Thanks for this, Stinky. (I've got a few of those classic Italian groceries near my mom's house. There's one called Rubino's--the only place I buy my meat. I make a special 40-minute drive just to shop there. I love walking in there and inhaling deeply. Reminds me of my childhood, when we were at one or another of those places every Saturday afternoon.)

And hey, similar thing happened yesterday:

My cousin Helen died. She was 93 and in poor health, so it didn't come as a surprise. My mom and my aunt were invited to the small memorial service. I figured my aunt, who's what I like to call a fundie Catholic (very Church Lady-esque)--and a stick-up-the-butt, Bush-worshipin', Obama-hatin', Beck-listenin' repug to boot--had her nose out of joint because the family wasn't giving Helen a Catholic mass funeral.

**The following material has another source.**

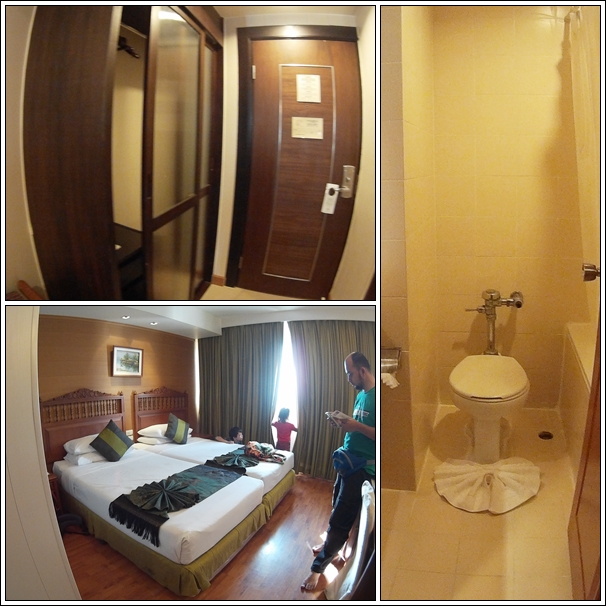 Sebelum tu, kami masuk dulu untuk selesaikan urusan hotel. Harga bagi semalam hotel ni adalah RM180 dengan membuat tempahan di Agoda. Bawa yang printed je tunjuk pada receptionist. Wang deposit sebanyak 1000 baht dan dapat ditebus balik bila dah check out. Bellboy menurut kami dari kaunter, lif sehingga la ke muka pintu bilik. Konpius sebab kami tak pernah diiringi pekerja hotel selama ni ke bilik dan masih tercegak depan pintu sambil tersenyum. Faham la kami bahawa nak tip rupanya… Kami hulurkan 20 baht dan berlalu la bellboy tu. Nak tergelak pun ada. Ni la pertama kali kami bagi tip. Cukup ke tak 20 baht tu wallahualam. Bergembiralah wahai bellboy yang manis.

But when my mom called afterward, she didn't say whether my aunt was having a fit about the lack of a mass. Instead, she related a choice tidbit (quite gleefully, I might add) about the conversation at the restaurant afterward. They were seated with several members of Helen's family--people we don't see very often. Apparently my aunt brought up politics, as she is wont to do in social groups large and small. She started complaining about the current state of the nation, gleeful as always to get a good rant on, and, as usual, assuming everyone shared her views...aaaanndd...

The entire group jumped down her throat. "Are you CRAZY???" etc. My aunt is used to her echo chamber--Fox News on TV and on the radio at home, and "yup yup yup" uber-conservative friends--and definitely not sharing space with anyone of a differing point of view. Those of us who are liberals just don't talk politics around her, because she gets kind of foamy-at-the-mouth.

So she was shocked--SHOCKED!--that anyone would have an opposing point of view. She tried to slam Obama and got "God bless that man!" "But he messed up the country--" "The country was a mess when he was elected! And don't defend that piece of trash Bush!" etc. etc. etc.

My aunt was eventually overpowered and just shut up and stewed.

My mom was really, REALLY happy at this turn of events. To be honest, I wish I had been there to see it too.
:rofl:

Oh yeah--and on the way home my aunt commented about how one of our cousins who had just lost her job was receiving a shockingly small amount of unemployment. Hey, isn't that some kinda SOCIALIST program??? ;)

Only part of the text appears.